Tip Number 6 - stay low poly
One of the most common problems students encounter, especially when working from home, is their Maya scene slowing down so much that they can't animate anymore.

Or, not quite as drastic but almost as frustrating, their scene becomes so slow that animation becomes a burden. Fortunately, there are a number of ways to speed up your scene and make it run faster.  Below are our Six Tips to make Maya work at optimal speed.

Beautiful set - but may slow down your shot
Tip #1 - don't fill up your shot with too much stuff
On a general level, it’s a good idea not to cram your scenes full of too much stuff. This is an aesthetic imperative as well as a practical one.

Scenes crammed full of colourful objects can look cluttered and may distract from the animation. Busy scenes are also very time consuming to render. For this reason, it's often the case that less is more. Heavy geometry will slow down your scene a lot.

Tip #2 - Set your Viewport to DirectX 11
To get started, find the preferences button on the bottom right hand corner of your screen (see below). The logo in Maya looks like an orange running man.

Then, under Display, find Viewport 2.0 and select DirectX 11 from the drop-down menu.

Tip #3 - Set Update View to Active
Still in Preferences, find the Settings tab (see image below), then highlight Time Slider, go to Playback, and make sure the Update view menu is set to "active", not "all".

This makes sure that your computer is only working through one view port at a time, meaning it is doing half the work that it would have to do for two.

Tip #4 - Turn off Motion Blur, Inclusion and Depth of Field
Make sure these three things are turned off. They are your motion blur, your inclusion and your depth of field (see buttons highlighted in red below).

Tip #5 - Hide Your Environment in the Layer Editor
Make sure your set or environment is copied into in a layer in the Layer Editor, which can be turned off and hidden (just like in Photoshop) by toggling it on and off using the V button (V for visibility).  Try to keep your environment simple, and turn it off when you don't need it. 

Sets, especially complex objects like trees, use up a lot of working memory. As animator Kevin Richards explains: "At Clothcat Animation we represented trees with lots of leaves as a simple sphere on top of a cylinder. Later, when we had finished our animation, we imported the high poly set into our scenes and then published our shot to the next department."

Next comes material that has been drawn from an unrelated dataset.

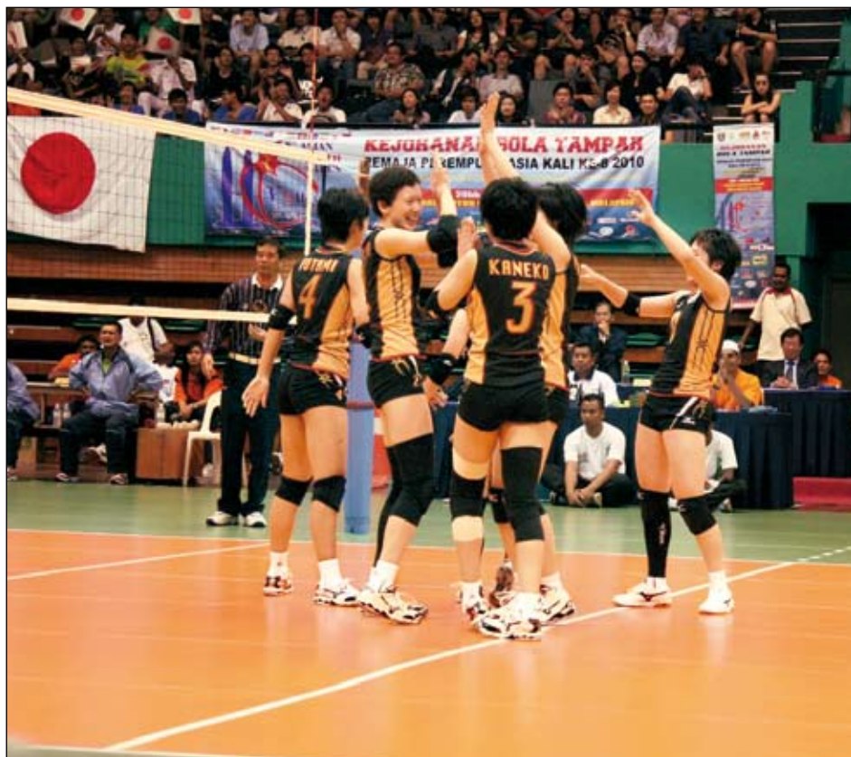
Japan celebrate victory at the Asian Youth Girls' Volleyball Championship. They will now travel to Singapore later this year for the Youth Olympic Games

As well as qualifying for the Games, Japan, as well as China and bronze-medalists Thailand, qualified for the 2011 FIVB Girls' Youth Volleyball World Championship.

Tip #6 - Use the low poly version of your animation rig
Most rigs have hi and low poly versions, you can see an extreme example below. This warrior has a lot of detail which will slow the computer down. We don’t need most of it while we are animating. The low poly version on the right hand side enables us to work quickly without the computer

LHS - high poly. RHS - low poly
Mery: great rig, but high poly, heavy, and slow
On most good animation rigs, there should be an option to go low or high poly in the global control. Tap on it and you should find the option in the channel box. Set it to the lowest poly option to work quickly.

Select the mesh, press 1
You can also try selecting the mesh and then pressing 1 on your keyboard for the low poly mode in Maya.  If there is no low poly version and your rig is running very slow, considering using a different rig.  For example, the Mery rig is excellent, but very heavy and rather slow. 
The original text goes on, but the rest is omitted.